Extract, exactly as written, each line from the start of the records below to the line containing "Charger Plates With", both ends included; drop the pictures.

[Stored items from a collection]
►

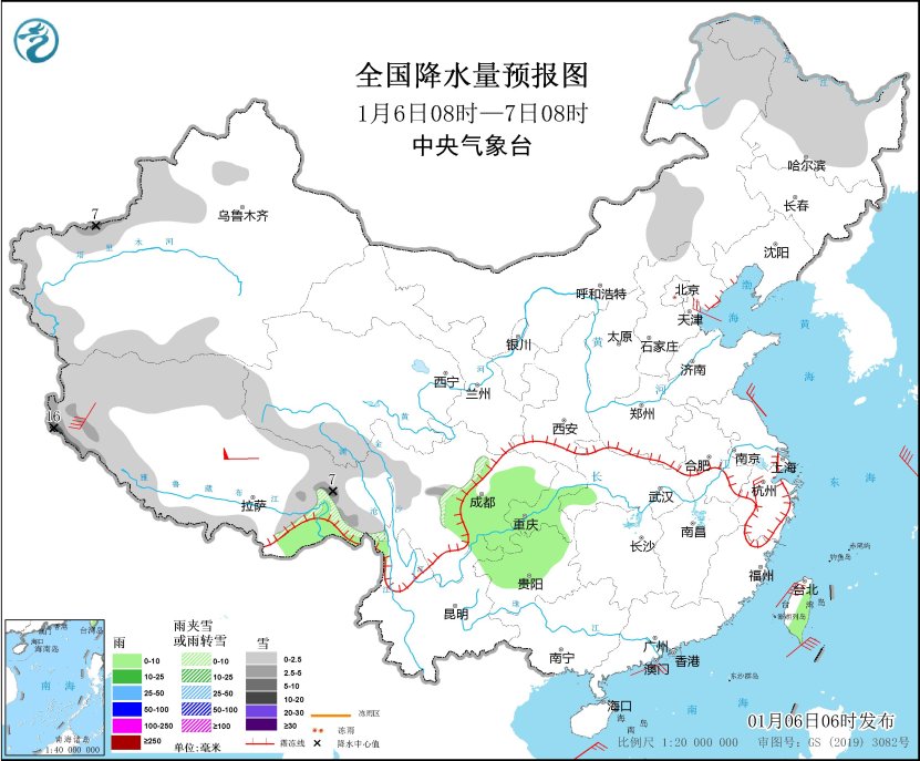 1月6日08时至7日08时,内蒙古中东部、黑龙江大部、新疆伊犁河谷和南疆盆地、西藏西部和东部、青海南部、川西高原北部、山东半岛北部等地部分地区有小到中雪或雨夹雪,其中,新疆南疆西部山区、西藏西部等地部分地区有大雪,局地暴雪(10~16毫米)。西藏东南部、湖北西南部、重庆大部、贵州西北部、云南东北部、台湾岛东部等地部分地区有小雨。内蒙古中东部、辽东半岛、山东半岛、浙江北部等地部分地区有4~6级风(见图1)。
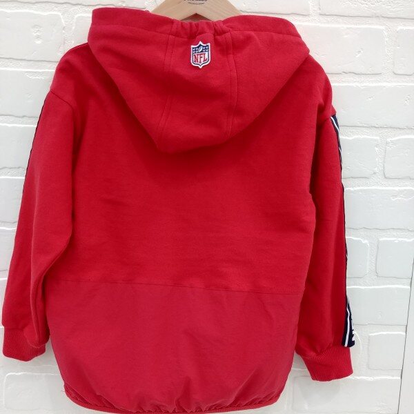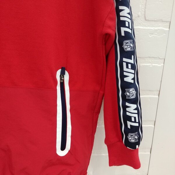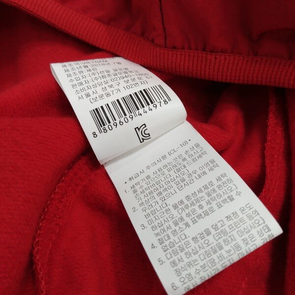 소매 로고 테잎으로 포인트를준 후드 티셔츠, 화섬배색부분의 프레스 지퍼와 후드의 와펜 자수도 주요 포인트, 약기모가 있슴.
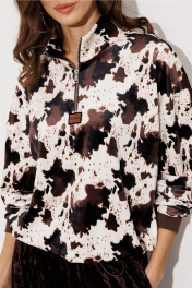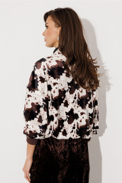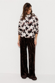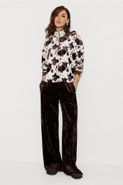 Костюм велюровый 2-ух предметный. Джемпер из принтованного велюра прямого силуэта с втачным рукавом и спущенной линией плеча, с манжетой из довяза по низу рукава. По переду молния и нашивка "BUTER". Воротник-стойка. По низу подгибка со вставленной в него эластичной тесьмой и фиксатором, благодаря которому низ можно затянуть. Брюки из однотонного велюра на цельнокроеном отстроченным поясе со вставленной в него резинкой. Брюки прямого силуэта с карманами в боковых швах.
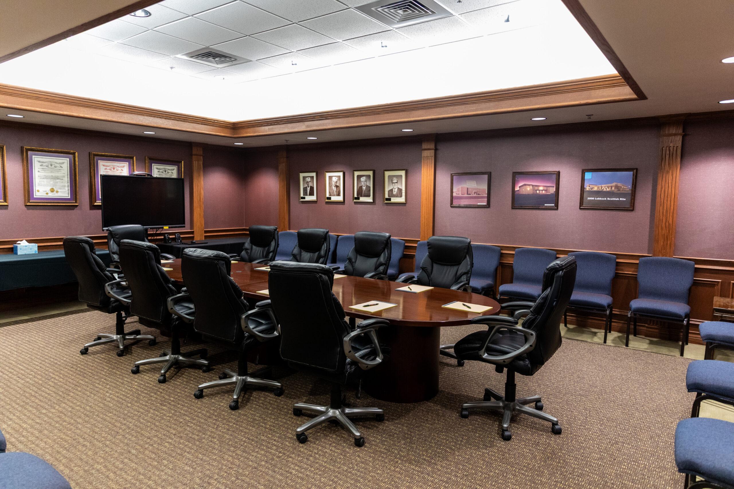 Conference room with seating for 10 around the table and additional seating around the room for up to 20 more and includes a/v.
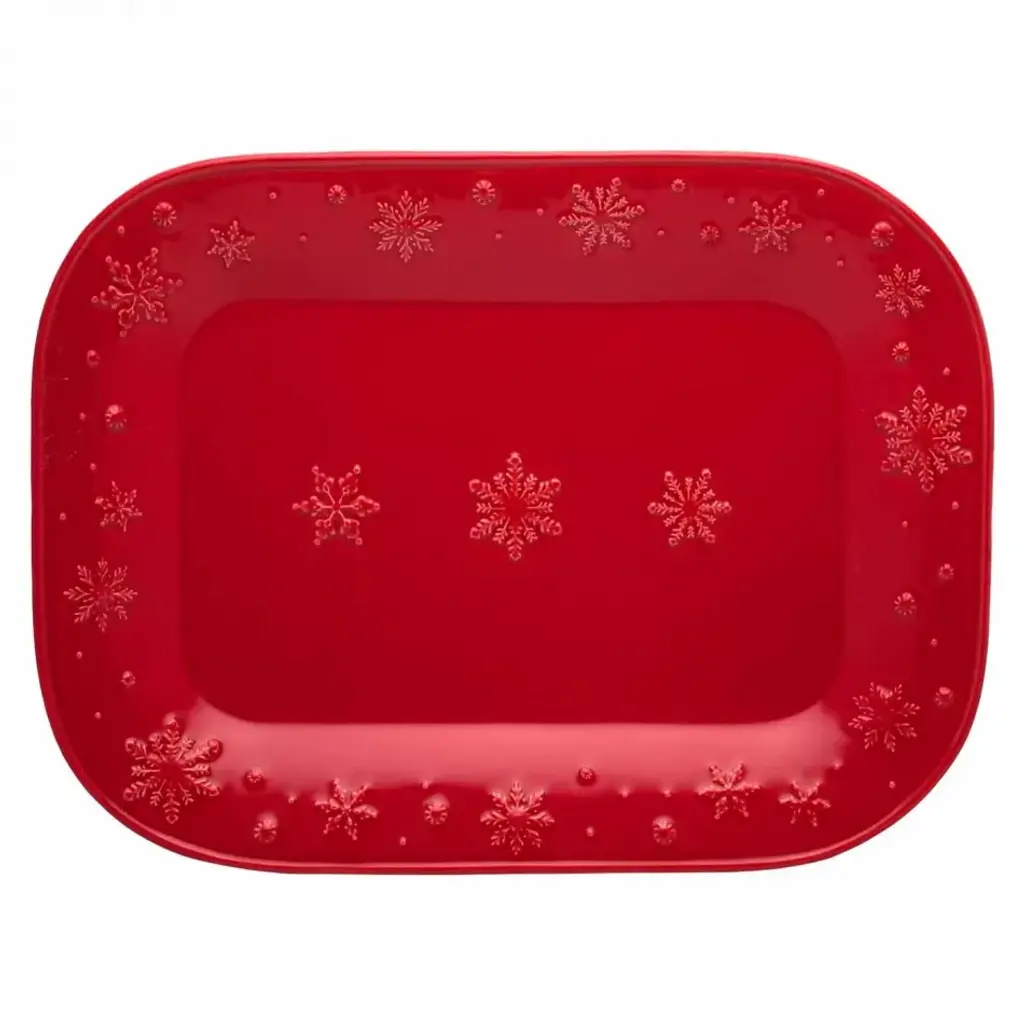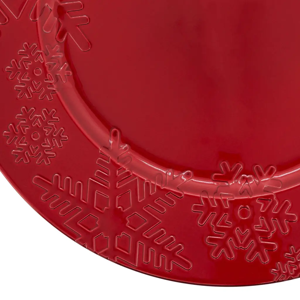 Charger Plates With Snowflake Design (Set Of 4) - 4 Piece - Red
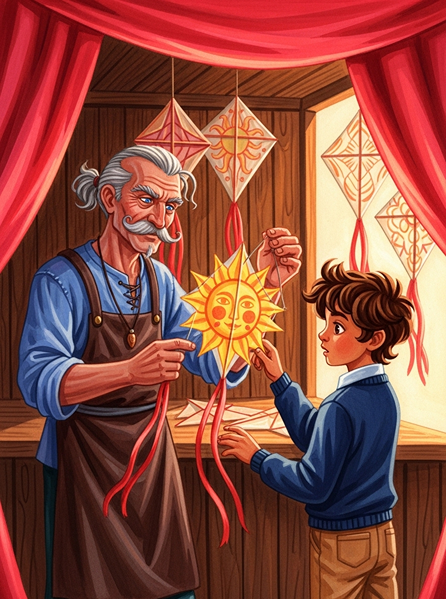 Leo watched as Silas glued a flowing tail of rainbow ribbons to a sun-shaped kite. Every movement was slow and intentional. In this world, nothing seemed to be in a rush. There was a quiet dignity in the way Silas crafted his art, valuing beauty over speed. He showed Leo how to balance the frame, explaining that a kite needed both strength and lightness. Leo felt a deep, warm spark of wonder.
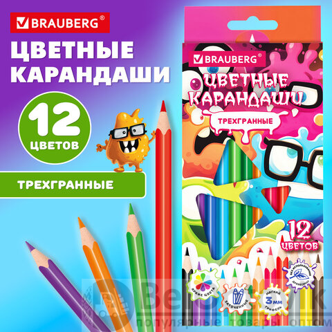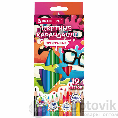 Карандаши цветные кросс-серия МОНСТРИКИ, 12 цветов, трехгранные, BRAUBERG, 182112
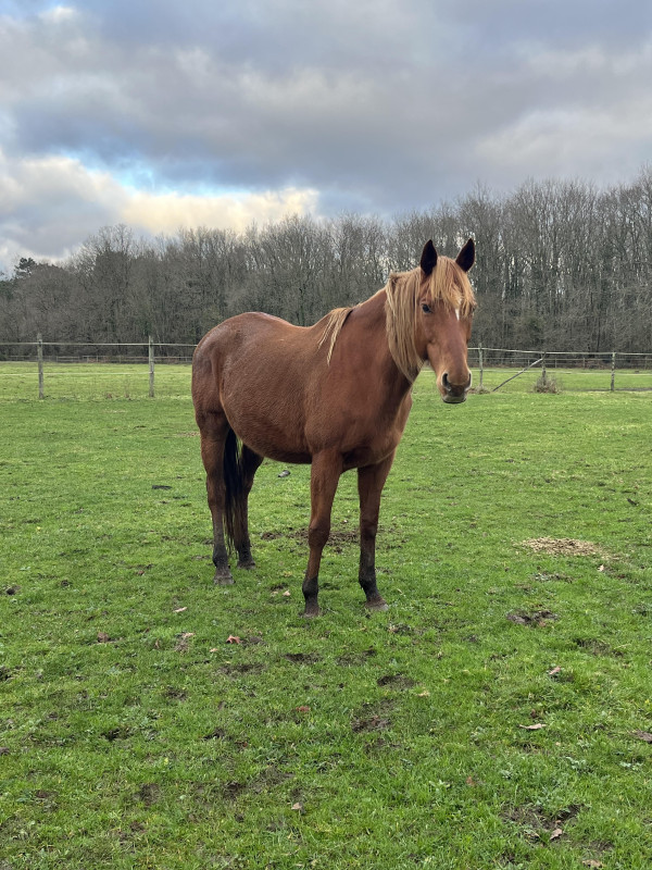 Jument Pur-Sang de 13 ans, alezane, environ 1m63, orientée poulinière.

◄

> **Response below**
 1月6日08时至7日08时,内蒙古中东部、黑龙江大部、新疆伊犁河谷和南疆盆地、西藏西部和东部、青海南部、川西高原北部、山东半岛北部等地部分地区有小到中雪或雨夹雪,其中,新疆南疆西部山区、西藏西部等地部分地区有大雪,局地暴雪(10~16毫米)。西藏东南部、湖北西南部、重庆大部、贵州西北部、云南东北部、台湾岛东部等地部分地区有小雨。内蒙古中东部、辽东半岛、山东半岛、浙江北部等地部分地区有4~6级风(见图1)。
 소매 로고 테잎으로 포인트를준 후드 티셔츠, 화섬배색부분의 프레스 지퍼와 후드의 와펜 자수도 주요 포인트, 약기모가 있슴.
 Костюм велюровый 2-ух предметный. Джемпер из принтованного велюра прямого силуэта с втачным рукавом и спущенной линией плеча, с манжетой из довяза по низу рукава. По переду молния и нашивка "BUTER". Воротник-стойка. По низу подгибка со вставленной в него эластичной тесьмой и фиксатором, благодаря которому низ можно затянуть. Брюки из однотонного велюра на цельнокроеном отстроченным поясе со вставленной в него резинкой. Брюки прямого силуэта с карманами в боковых швах.
 Conference room with seating for 10 around the table and additional seating around the room for up to 20 more and includes a/v.
 Charger Plates With Snowflake Design (Set Of 4) - 4 Piece - Red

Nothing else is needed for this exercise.